* [DATA]
::::

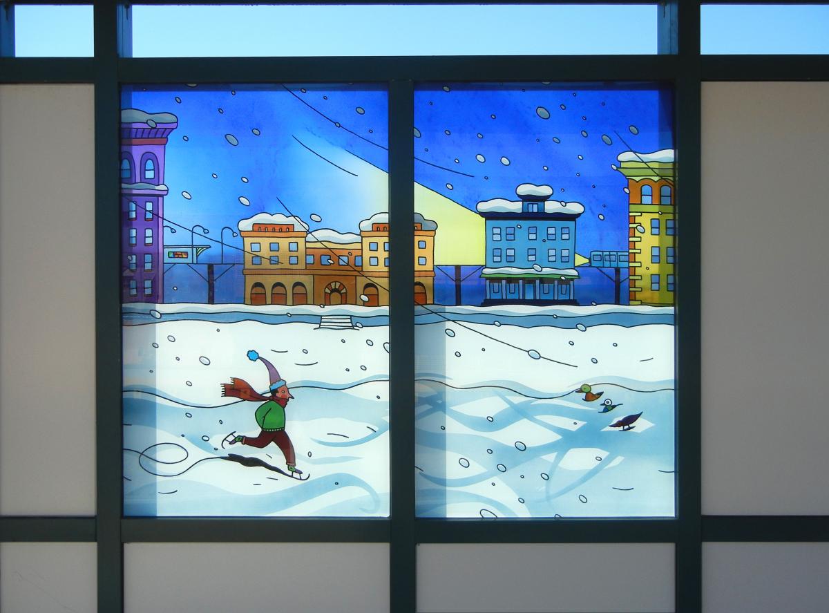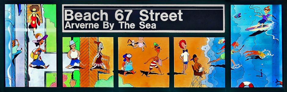 Ingo Fast's series of 17 laminated glass panels for the Beach 67 St station in the Rockaways, is divided between the station's two platforms. Fast creates amusing figures and landscapes, rendered in thin lines, washed in color, and seen from unusual vantage points.
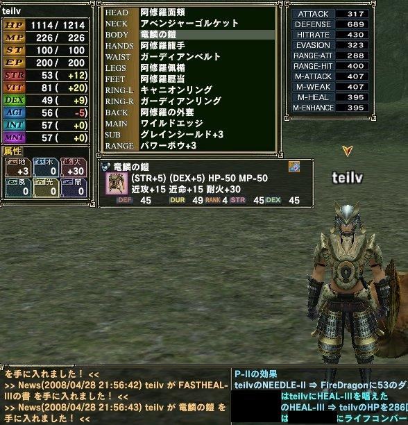 そのかわり、MPが凄い減って、とうとう300切っちゃいましたが…幸いSMP2のおかげでMP切れもおこさなかったし、白の人もヒール負担が少なかったそうなので、盾装備はやっぱり防御特化型がいいみたいですね。
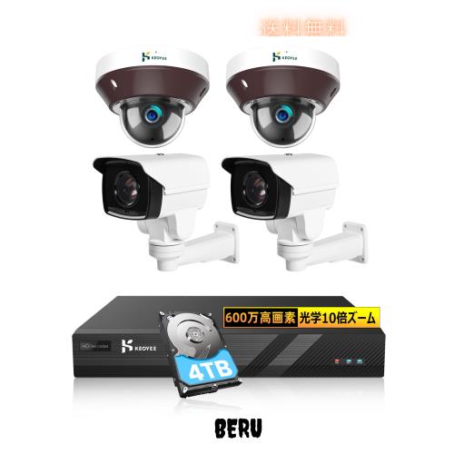 【光学10倍ズーム防犯カメラ】KEOYEE 600万画素 POE防犯カメラセット 360°全方位監視・4TB・PTZ首振り動体検知 監視カメラ 4台セット H.

::::

* [DIRECTIONS] The material above must be printed exactly, with its pictures left out.

* [OUTPUT FOR THIS EXERCISE]
 Ingo Fast's series of 17 laminated glass panels for the Beach 67 St station in the Rockaways, is divided between the station's two platforms. Fast creates amusing figures and landscapes, rendered in thin lines, washed in color, and seen from unusual vantage points.
 そのかわり、MPが凄い減って、とうとう300切っちゃいましたが…幸いSMP2のおかげでMP切れもおこさなかったし、白の人もヒール負担が少なかったそうなので、盾装備はやっぱり防御特化型がいいみたいですね。
 【光学10倍ズーム防犯カメラ】KEOYEE 600万画素 POE防犯カメラセット 360°全方位監視・4TB・PTZ首振り動体検知 監視カメラ 4台セット H.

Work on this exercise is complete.